Nomori et al. showed that FDG PET had false positive or false negative findings more frequently for the ground-glass opacity nodules than for the solid ones (15). In their study, nine of 10 well-defined adenocarcinomas with ground-glass opacity halos were negative on FDG PET. However, four of five active inflammatory nodules with ground-glass opacity halos were positive on FDG PET. These false negative and positive results are due to the low glucose metabolism of well-differentiated adenocarcinoma and the high glucose metabolism of nodules with active inflammation, respectively (16-18). These results suggest that the FDG PET results should be interpreted in combination with the CT findings when differentiating benign from malignant pulmonary nodules with ground-glass opacity.
Multiple nodules, which are common in simple pulmonary eosinophilia, also lead to a diagnostic dilemma when differentiating them from metastasis. In our study, all four patients with malignancy had multiple pulmonary nodules that mimicked metastasis. The two nodules in a patient with rectal cancer showed high SUVs of 5.3 and 3.0, respectively, and this strongly suggests the possibility of metastasis (Fig. 1). Our results suggest that positive FDG PET results should be interpreted with caution when differentiating benign from malignant nodules, and especially in those patients with an underlying malignancy. CT findings such as ground-glass opacity halo around the nodule or peripheral eosinophilia may be helpful in differentiating metastasis from simple pulmonary eosinophilia.

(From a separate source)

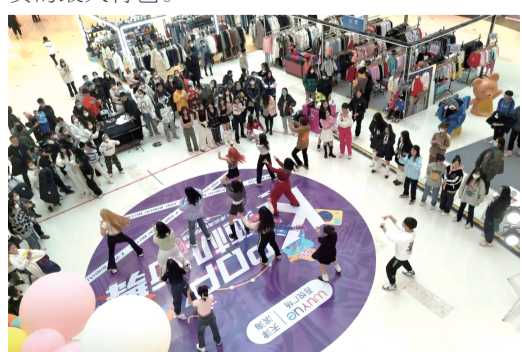
▲今年元旦以来,天津滨海海悦广场举行各类线下活动,吸引了众多消费者前来打卡、购物。

同时,各种新业态新场景对于消费的促进作用也愈发明显,以新场景、新服务为特点的新型消费深受年轻人青睐。其中,各大商圈融合文创市集、优惠活动、夜市场景等诸多元素,积极打造商圈文旅消费新场景,是天津本轮促消费的最大特色。
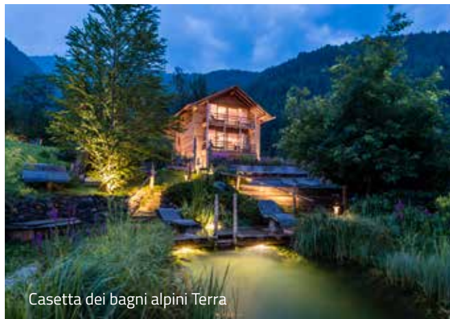
Casetta dei bagni alpini Terra

Famiglia Hinteregger e tutti i collaboratori.

It is well known that inflammatory cells have a high glucose metabolism when they are activated via infection or inflammation (19). Pathologically, eosinophils and histiocytes accumulate in the alveolar spaces and walls in simple pulmonary eosinophilia (20). It may be considered that the eosinophils and histiocytes in inflammatory tissue use glucose as an energy source for chemotaxis and phagocytosis.
Our study had several limitations. First, we included only a small number of patients. Second, because our study is a retrospective study, we could not suggest the incidence of FDG uptake of simple pulmonary eosinophilia in both cancer patients and healthy subjects. Another limitation is the lack of any pathologic correlation in our patients. However, because of its benign and transient nature, the diagnosis of simple pulmonary eosinophilia in daily clinical practice is exclusively based on the clinical course and imaging studies.
In conclusion, simple pulmonary eosinophilia commonly causes an increase in FDG uptake. Therefore, correlation of the PET findings with the CT findings or with the peripheral eosinophil counts may help physicians to arrive at the correct diagnosis of simple pulmonary eosinophilia.